### Task statement
In the records below, find the line that contains "and flared hem" and the line that contains "恒源祥加绒加厚保暖内衣女士德绒发热打底秋衣秋裤套装男冬季防寒", then retype exactly those two lines and every line between them.
START Listed entries
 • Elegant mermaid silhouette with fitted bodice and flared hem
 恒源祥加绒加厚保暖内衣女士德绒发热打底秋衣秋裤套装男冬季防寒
END Listed entries
START Listed entries
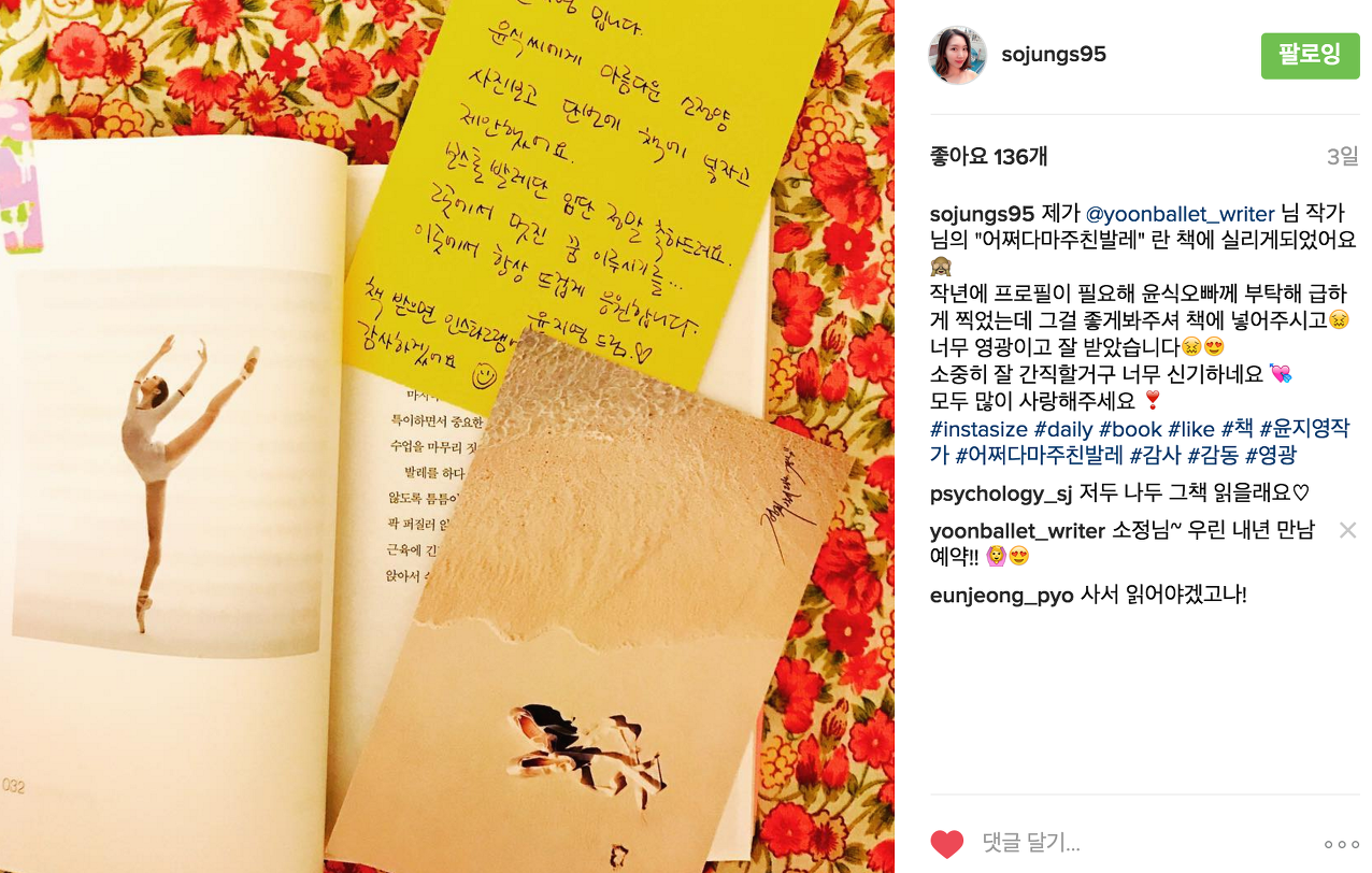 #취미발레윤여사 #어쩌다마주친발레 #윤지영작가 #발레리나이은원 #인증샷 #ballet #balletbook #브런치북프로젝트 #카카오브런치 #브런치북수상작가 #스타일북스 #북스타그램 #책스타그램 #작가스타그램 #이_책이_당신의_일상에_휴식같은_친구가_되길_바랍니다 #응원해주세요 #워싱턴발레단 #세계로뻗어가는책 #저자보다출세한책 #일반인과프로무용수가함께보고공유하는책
END Listed entries
START Listed entries
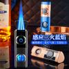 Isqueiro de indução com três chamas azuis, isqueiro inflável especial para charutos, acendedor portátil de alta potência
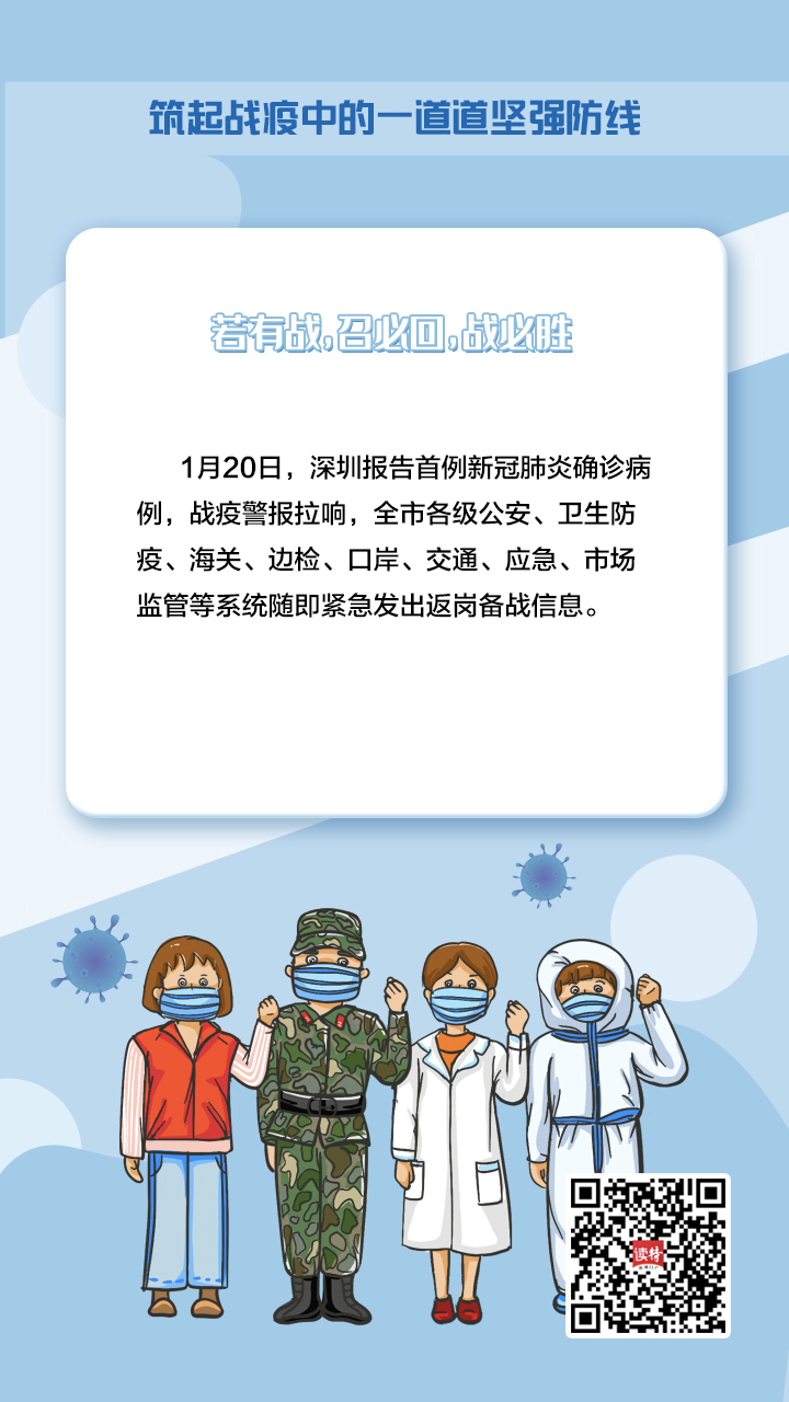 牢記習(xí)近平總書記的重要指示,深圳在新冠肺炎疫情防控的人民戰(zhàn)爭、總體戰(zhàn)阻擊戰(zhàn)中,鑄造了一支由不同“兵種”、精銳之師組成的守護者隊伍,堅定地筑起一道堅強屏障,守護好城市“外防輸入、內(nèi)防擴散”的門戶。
END Listed entries
### Answer to the problem
 • Elegant mermaid silhouette with fitted bodice and flared hem
 恒源祥加绒加厚保暖内衣女士德绒发热打底秋衣秋裤套装男冬季防寒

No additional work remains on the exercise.